◆ WHAT IS NEEDED
Drop every picture and copy exactly the lines from the one with "Компютърно бюро Класико" through the last line of the listing below.

◆ DATA SHOWN
------------------------
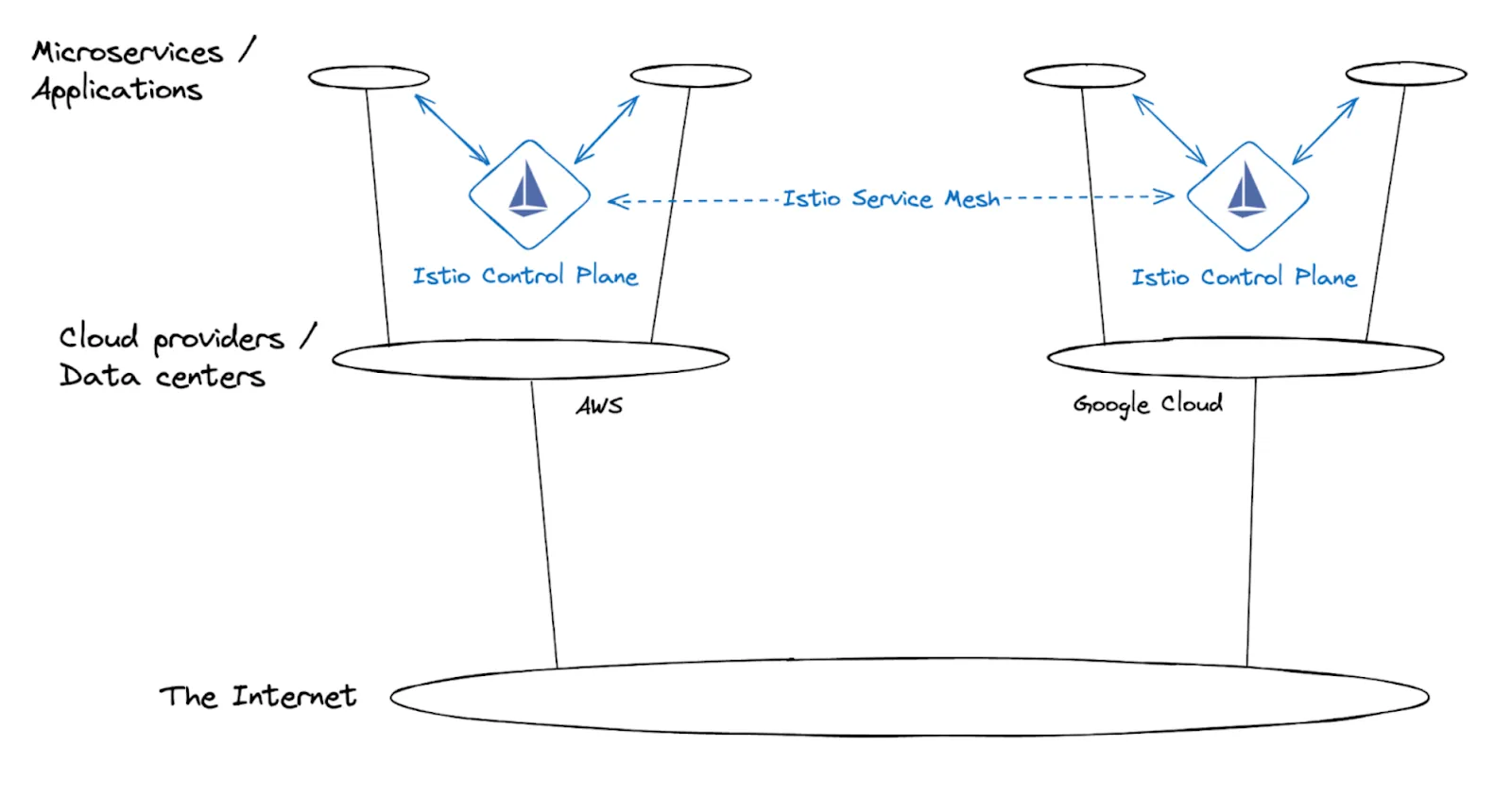 You can set up Istio in different places, like various cloud services or data centers, and it will work the same in each one.
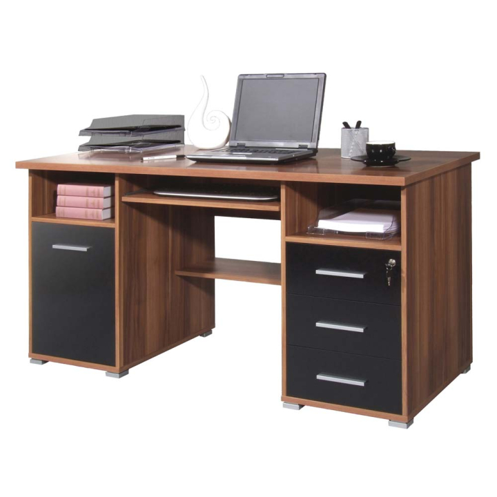 Компютърно бюро Класико с 1 врата, 3 чекмеджета и борд за клавиатура в декор орех и антрацит, размери: 145/70/75 см
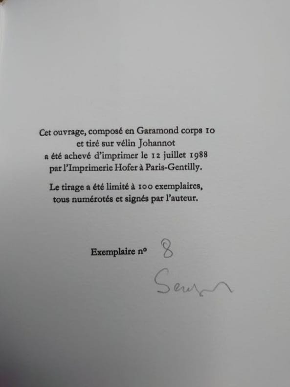 Nantes, Convergence, 1988. 19,5 x 11 cm, 78 pp. Broché, couverture rempliée, en très bel état. Édition originale, un des 100 ex. sur vélin num. et signé par l'auteur. Envoi autographe signé de l'auteur.
------------------------
◆ EXERCISE ANSWER
 Компютърно бюро Класико с 1 врата, 3 чекмеджета и борд за клавиатура в декор орех и антрацит, размери: 145/70/75 см
 Nantes, Convergence, 1988. 19,5 x 11 cm, 78 pp. Broché, couverture rempliée, en très bel état. Édition originale, un des 100 ex. sur vélin num. et signé par l'auteur. Envoi autographe signé de l'auteur.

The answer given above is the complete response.